Chapitre 18 – La dégaine des antiquaires
Octobre 1951
639 mots
Village de l’Estaque – Près de Marseille
Deux semaines s’étaient écoulées depuis l’écrasement en Icelande. Amanda et Gerflynt traversaient maintenant la place du village de L’Estaque, un petit bourg situé sur la baie de Marseille. La jeune femme portait une jupe ample au couleurs de Provence. Un chemisier de coton orné de délicates broderies italiennes reposait lâchement sur ses épaules. Ses cheveux, tirés en arrière, étaient retenus par un foulard coloré.
Mais Gerflynt marchait lentement. Converti en champ d’ecchymoses, son corps et son visage lui donnaient l’air d’une gamine qui vient de tomber de son vélo. Amanda n’allait guère mieux.
Le verrouillage du train d’atterrissage avait échoué. Blessé à mort, le Constellation avait glissé sur le tarmac dans une traînée d’étoiles filantes pour finir sa course contre un muret en bout de piste. L’impact avait été violent. Gerflynt pouvait encore sentir sa tête rebondir dans tous les sens. Tout comme Amanda, son siège s’était encastré dans celui du devant pour former un étau protecteur. Tous n’avaient pas eu cette chance. Dans les vapeurs de kérosène, les deux femmes avaient réussi à se déplier pour rejoindre Enzo qui remuait les cadavres, tentant désespérément de les trouver.
L’embrasement général s’était produit alors que les trois flageolaient encore dans les nuages de mousse ignifuge. Sous la lumière des gyrophares, dans le hurlement des sirènes, on les avait trouvés sur les genoux, occupés à rendre leurs poumons, tel des anges déchus, provisoirement soustraits au jugement divin.
Une semaine de repos, un vol pour Paris, puis le train jusqu’à Marseille. Ils avaient ainsi retraversé le mur d’une réalité plus petite, plus concrète, celle qui se vit un moment à la fois, celle du pain et du vin, de l’eau et de la vie.
En ce début du mois d’octobre, les touristes avaient quitté le petit village de pêcheurs. Le bistro était enfin redonné aux habitués. Sous le soleil du midi, l’établissement pouvait encore ouvrir son grand mur fenestré.
Campés à l’ombre des platanes, des vieux se prélassaient, un pastis à la main, alors que d’autres jouaient au traditionnel jeu de boule. « Ah ! Mais, que voilà les survivantes de l’écrasement » commenta l’un d’eux. Gerflynt acquiesça. Elle avait étudié le français à Wellington, mais il lui restait à se faire l’oreille à l’accent du sud. « Hey ! Amanda ! Pourquoi tu ne viens pas nous la présenter cette pauvre petite Américaine ! » enchaîna l’autre qui venait d’apercevoir l’énorme boursouflure bleutée sur le front de la jeune femme.
— Y’a pas le temps ! Nous recevons ce soir, » répondit l’Italienne.

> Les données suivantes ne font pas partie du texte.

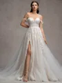 Elegant A-line wedding dress with an off-the-shoulder neckline, sleeveless design, and delicate lace appliques. The gown features a graceful chapel train crafted from soft and airy tulle, creating a romantic and timeless bridal look with a touch of sophistication.

Le soleil d’automne était encore chaud, l’air plutôt frais, tout ici invitait à la flânerie. Les deux femmes gravirent les marches d’une enfilade, leur sac de provisions à l’épaule. Gerflynt s’amusa de voir un chat se prélasser sur le bord d’une fenêtre. Ici pas de goudron, pas de circulation dense, à peine y avait-il le ronronnement d’une Deux-Chevaux de temps en temps. La résidence Falsetti était une de ces maisons bourgeoises du dix-neuvième siècle dotée d’une façade en pignon, Gerflynt entra avec Amanda. Elle tira de son sac le thym, le romarin et les saucissons. La maison irradiait une douce chaleur. Un feu couvait dans l’âtre. Dans cette douceur méditerranéenne, à cet instant, la jeune femme qui avait grandi pieds nus dans l’enfer du Lower East End se sentit pour une rare fois heureuse de vivre.
Amanda accrocha son châle et s’occupa de raviver les braises. Quelques plaisanteries furent échangées sur le vieux Médé. On ne l’avait jamais vu toiser une jeune femme de la sorte. Les femmes entreprirent le repas de la soirée. « Monsieur Gauvin a insisté pour venir seul, ce n’est pas bon signe, est-ce que tu le sais ?
— Que veux-tu dire ?
— Les antiquaires ont des doutes à ton sujet. Ton casier judiciaire, tes ennemis à New York, bref, ils n’aiment pas les délinquants, encore moins les putes converties en religieuses.